Charge separation at nanostructured molecular donor-acceptor interfaces

纳米结构分子供体-受体界面的电荷分离

• 批准号: 65983783
• 负责人: Professor Dr. Wolfgang Brütting
• 金额: --
• 依托单位: Arbeitsgruppe Supramolekulare Systeme
• 依托单位国家: 德国
• 项目类别: Priority Programmes
• 财政年份: 2008
• 资助国家: 德国
• 起止时间: 2007-12-31 至 2015-12-31
• 项目状态: 已结题
• 来源: https://gepris.dfg.de/gepris/projekt/65983783?language=en
• 关键词: Charge; separation; nanostructured; molecular; donor

Organic donor and acceptor molecules represent an important class of materials for solar energy conversion. The focus of this project is to combine the expertise of four groups to address the correlation between film and interface morphology and the photoelectrical properties in excitonic solar cells. Having investigated a variety of different prototypical donor/acceptor pairs during the first funding period, in this second phase of the project we will focus our efforts on selected, particularly promising D/A combinations. The goal of this multilateral approach is to develop a detailed understanding of the correlation between structural and electronic properties, microscopic transport phenomena and macroscopic parameters determining solar cell performance for different prototypes of donor-acceptor pairs. This knowledge will enable us to control the growth of films with favourable conditions for exciton and charge transport in both the donor and acceptor phase and efficient charge separation and extraction at the involved interfaces. From planar heterojunctions we will now proceed to more complex structures, including interdigitated organic/organic interfaces and bulk heterojunctions to achieve this goal. Our work is a concerted effort to investigate and correlate various aspects of the individual materials and their combinations by bringing complementary competencies together in a joint project.
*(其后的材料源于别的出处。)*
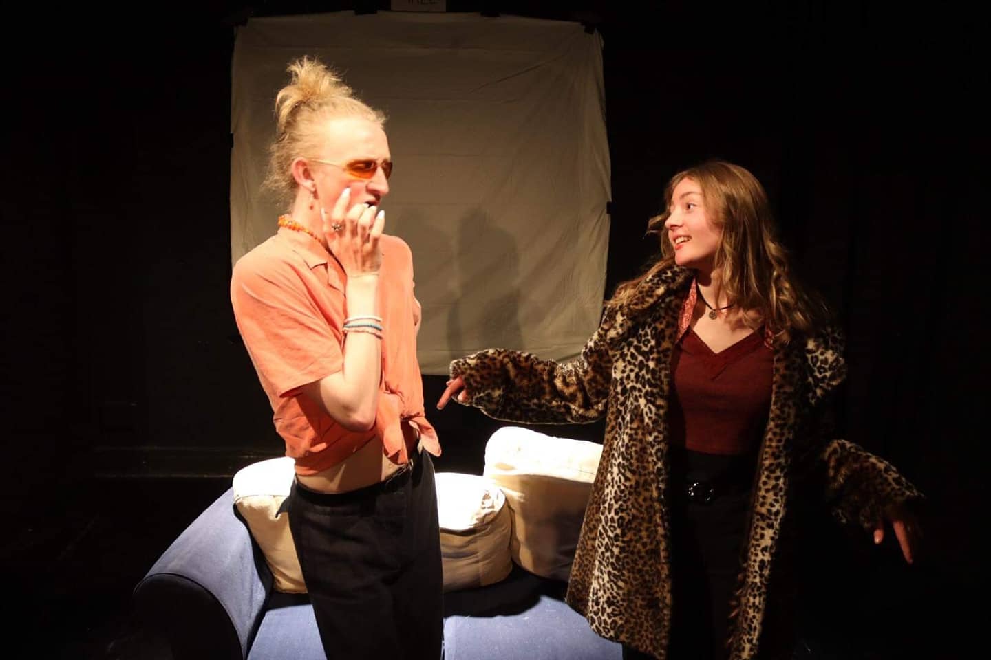 Ethan’s lover’s wake is set in their living room, with the first scene opening with a farcical interaction between Ethan and Penelope. Penelope is a middle to upper class UoB student parading the stage in a furry leopard print and flares. She exclaims that she cannot eat the buffet because she is gluten and meat free, but likes to separate her dietary habits with her favourite sport - hunting.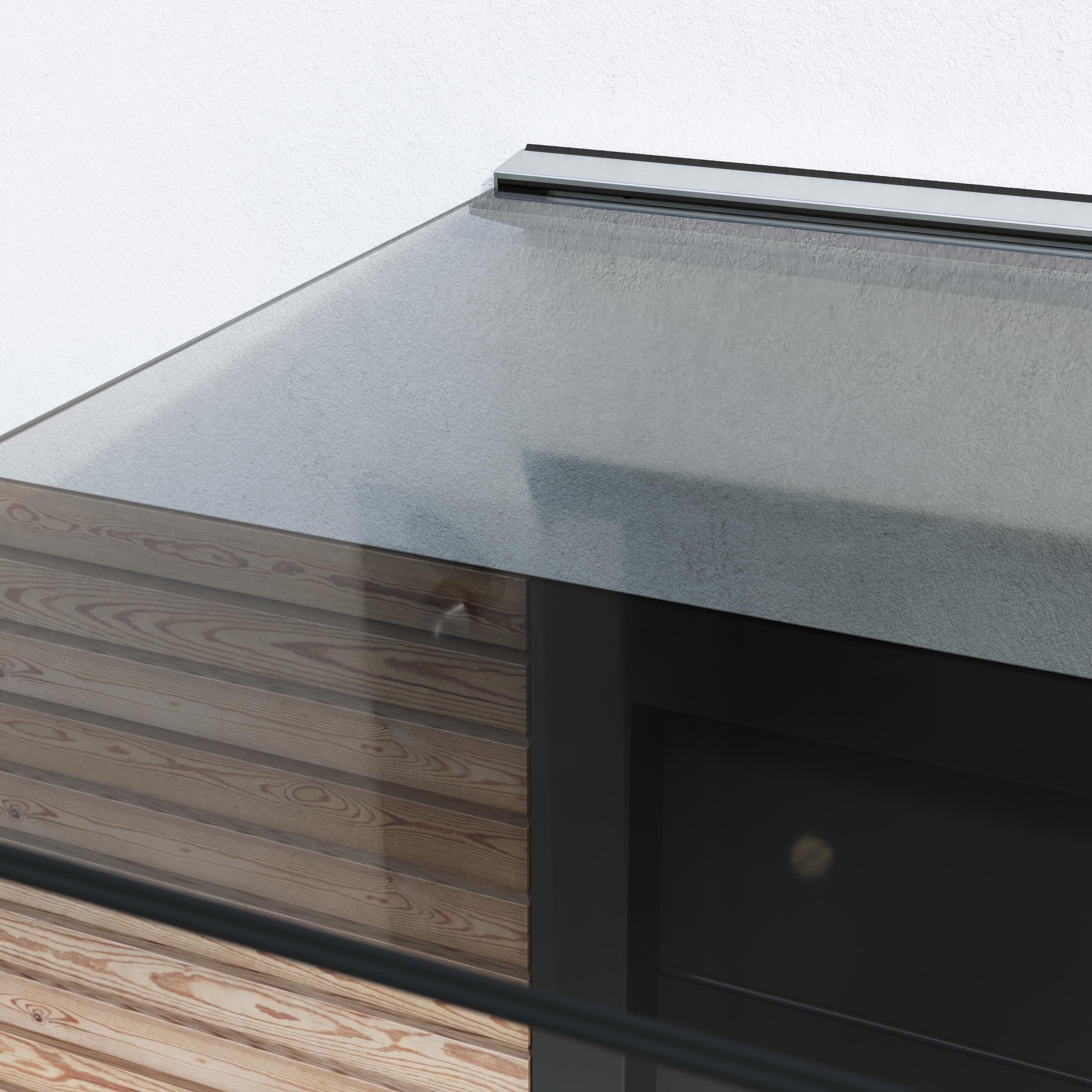 Hliníková lišta je ukotvená na stenu, na pevná podklad. Sklon skla striešky je pozitívny, teda smerom od fasády domu. Maximálna dĺžka lišty je 3 000 mm a je vyhotovená v striebornom eloxe. Sklo môže byť vyrobené z číreho, mliečneho alebo farebného skla Planibelu, prípadne s motívom (GRAFOSKLO). Hliníková lišta sa dodáva v pôvodnom eloxovanom hliníkovom vyhotovení alebo lakovaná vo farbách podľa želania zákazníka. Vzorkovnica na stiahnutie – TU.

有机供体和受体分子是一类重要的太阳能转换材料。本项目的重点是结合四个小组的专业知识来解决激子太阳能电池中薄膜和界面形态与光电特性之间的关系。在第一个资助期内，我们研究了各种不同的供体/受体对的原型，在项目的第二阶段，我们将把重点放在选定的，特别是有前途的D/ a组合上。这种多边方法的目标是详细了解结构和电子特性、微观输运现象和宏观参数之间的关系，这些参数决定了不同原型的供体-受体对的太阳能电池性能。这一知识将使我们能够控制薄膜的生长，使其在供体相和受体相具有激子和电荷传输的有利条件，并在相关界面上有效地分离和提取电荷。从平面异质结开始，我们现在将继续研究更复杂的结构，包括指间有机/有机界面和体异质结，以实现这一目标。我们的工作是协调一致的努力，通过将互补的能力结合在一起，调查和关联单个材料及其组合的各个方面。